MATERIAL TO PROCESS
^^^^
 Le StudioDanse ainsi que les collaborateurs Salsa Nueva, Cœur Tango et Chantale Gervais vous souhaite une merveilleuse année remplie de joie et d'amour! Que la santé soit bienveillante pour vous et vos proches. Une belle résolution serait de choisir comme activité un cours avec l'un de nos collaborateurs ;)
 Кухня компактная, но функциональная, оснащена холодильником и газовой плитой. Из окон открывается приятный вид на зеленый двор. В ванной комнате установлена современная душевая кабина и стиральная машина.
^^^^
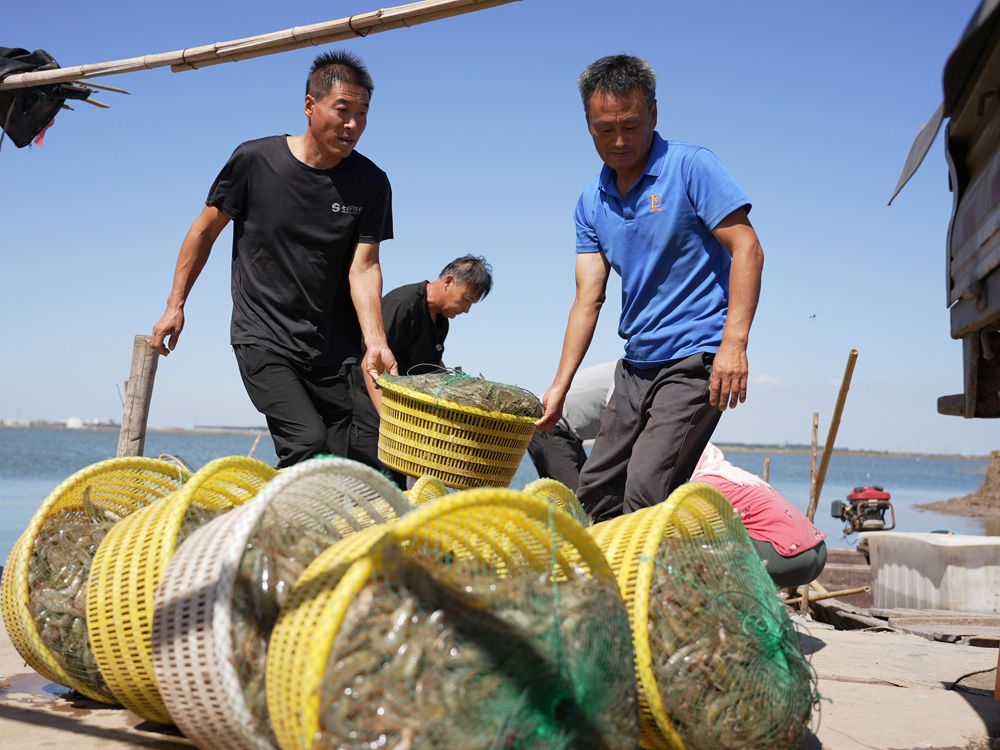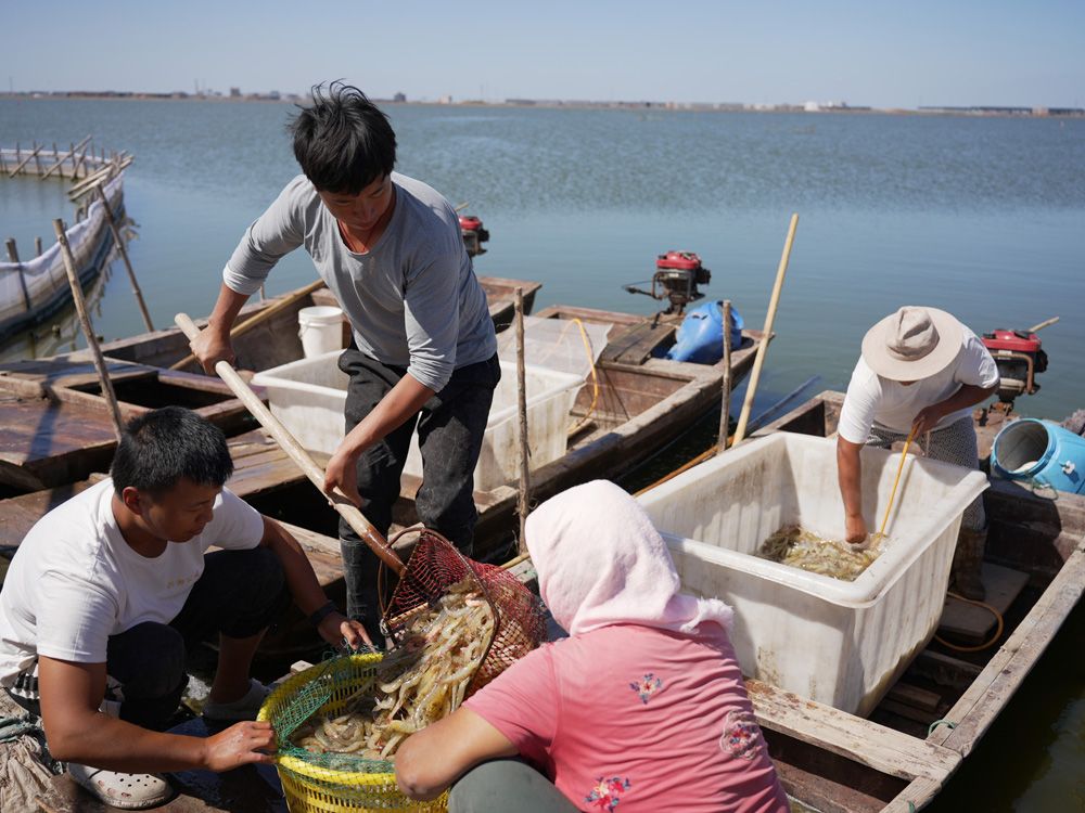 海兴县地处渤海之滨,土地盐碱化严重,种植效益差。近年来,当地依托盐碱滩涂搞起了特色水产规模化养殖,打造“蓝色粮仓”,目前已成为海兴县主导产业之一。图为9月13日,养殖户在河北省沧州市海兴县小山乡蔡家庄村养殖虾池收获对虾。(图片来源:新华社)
^^^^
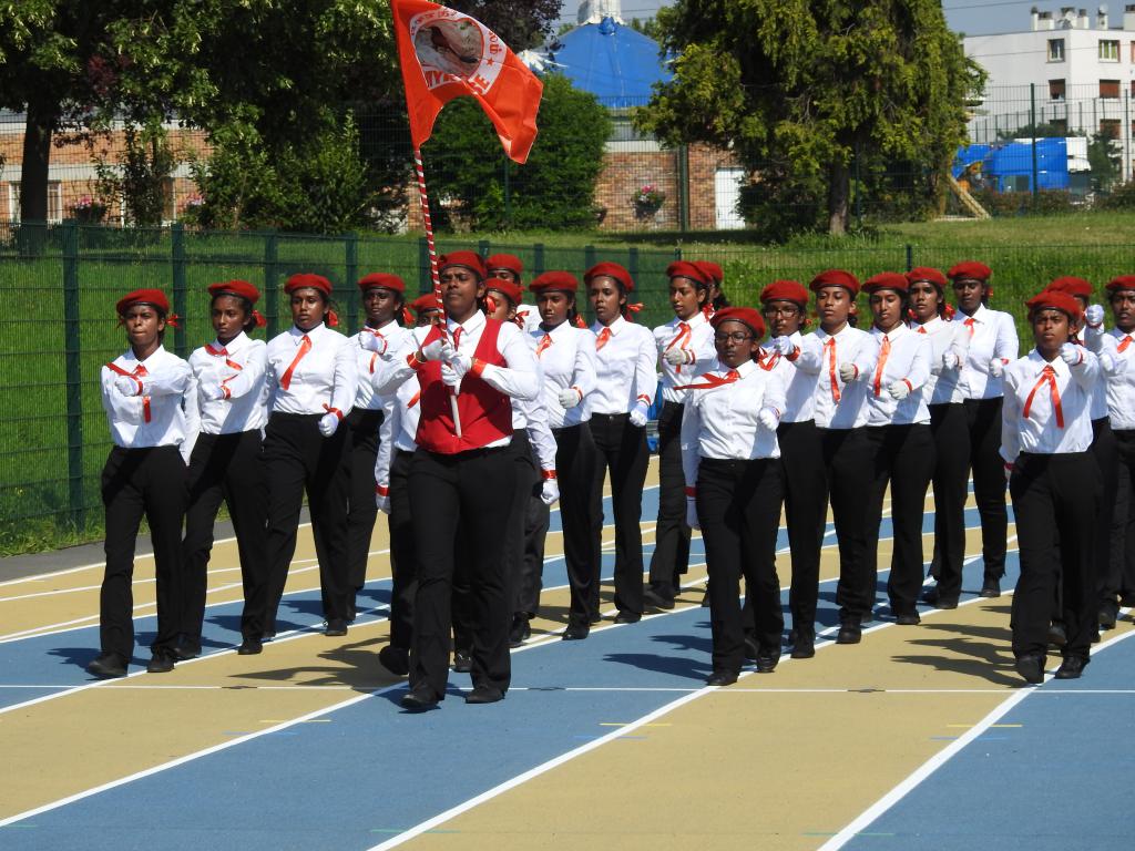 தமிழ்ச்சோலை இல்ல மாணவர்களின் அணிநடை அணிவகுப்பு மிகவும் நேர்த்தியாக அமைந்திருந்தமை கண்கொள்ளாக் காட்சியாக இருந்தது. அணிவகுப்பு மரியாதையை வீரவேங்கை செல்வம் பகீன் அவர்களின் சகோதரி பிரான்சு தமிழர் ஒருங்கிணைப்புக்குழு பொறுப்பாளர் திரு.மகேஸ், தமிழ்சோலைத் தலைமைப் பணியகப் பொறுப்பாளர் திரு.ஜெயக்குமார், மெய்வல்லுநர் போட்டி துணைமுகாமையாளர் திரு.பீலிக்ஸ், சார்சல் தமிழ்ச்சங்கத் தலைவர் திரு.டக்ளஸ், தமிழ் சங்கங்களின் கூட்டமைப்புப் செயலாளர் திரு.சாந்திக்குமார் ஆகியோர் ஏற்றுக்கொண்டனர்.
^^^^
WHAT YOU NEED TO DO
Produce a word-for-word copy of everything above from the line holding "Le StudioDanse ainsi" down to the line holding "Кухня компактная, но", with both of those lines kept.

TASK SOLUTION
 Le StudioDanse ainsi que les collaborateurs Salsa Nueva, Cœur Tango et Chantale Gervais vous souhaite une merveilleuse année remplie de joie et d'amour! Que la santé soit bienveillante pour vous et vos proches. Une belle résolution serait de choisir comme activité un cours avec l'un de nos collaborateurs ;)
 Кухня компактная, но функциональная, оснащена холодильником и газовой плитой. Из окон открывается приятный вид на зеленый двор. В ванной комнате установлена современная душевая кабина и стиральная машина.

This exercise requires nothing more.